Leveraging the multi-dimensional fine-grained annotations produced by our pipeline, we introduce FM-Speech, built upon the frontier Qwen3-Omni (30B MoE) architecture.

🎙️ Input: Raw Speech Audio ➔ 📊 Output: 14-Dimension Fine-Grained Speech Attributes (Structured JSON)

To overcome modality gaps and text-conditioned hallucinations, FM-Speech is trained using a Progressive Curriculum Fine-Tuning framework, decoupling complex auditory comprehension into three incremental stages: Warm-up (MCQ/QA) --> Capability Ramp-up --> Final Alignment (Full JSON).

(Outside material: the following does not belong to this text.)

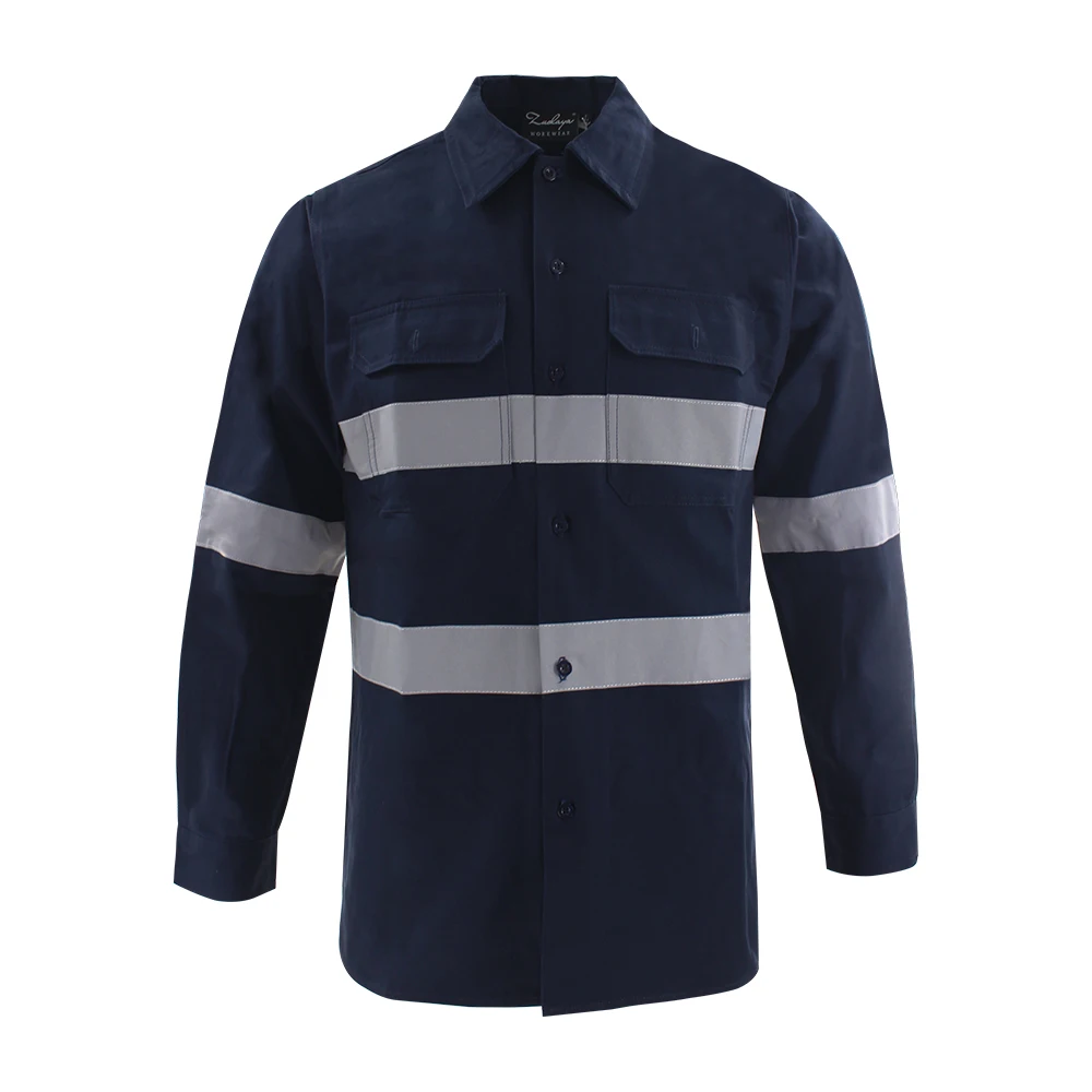 اشتر قميص عمل رجالي من القطن بأكمام طويلة من Hivis للاستخدام الخارجي باللون الأزرق الداكن FG-05L من منتجات أمان من مصنع الصين مباشرة عبر الرابط

🚀 Usage & Environment Setup

Our model is built upon the Qwen3-Omni architecture. We strongly recommend using vLLM for the inference and deployment of FM-Speech.

Step 1: Create a fresh Python environment to avoid runtime conflicts and incompatibilities.

conda create -n fmspeech python=3.12
conda activate fmspeech

Step 2: Install required packages

# Install vLLM (Specifically version 0.13.0)
pip install vllm==0.13.0
# Note: If you meet an "Undefined symbol" error while using VLLM_USE_PRECOMPILED=1, 
# please use "pip install -e . -v" to build vLLM from source.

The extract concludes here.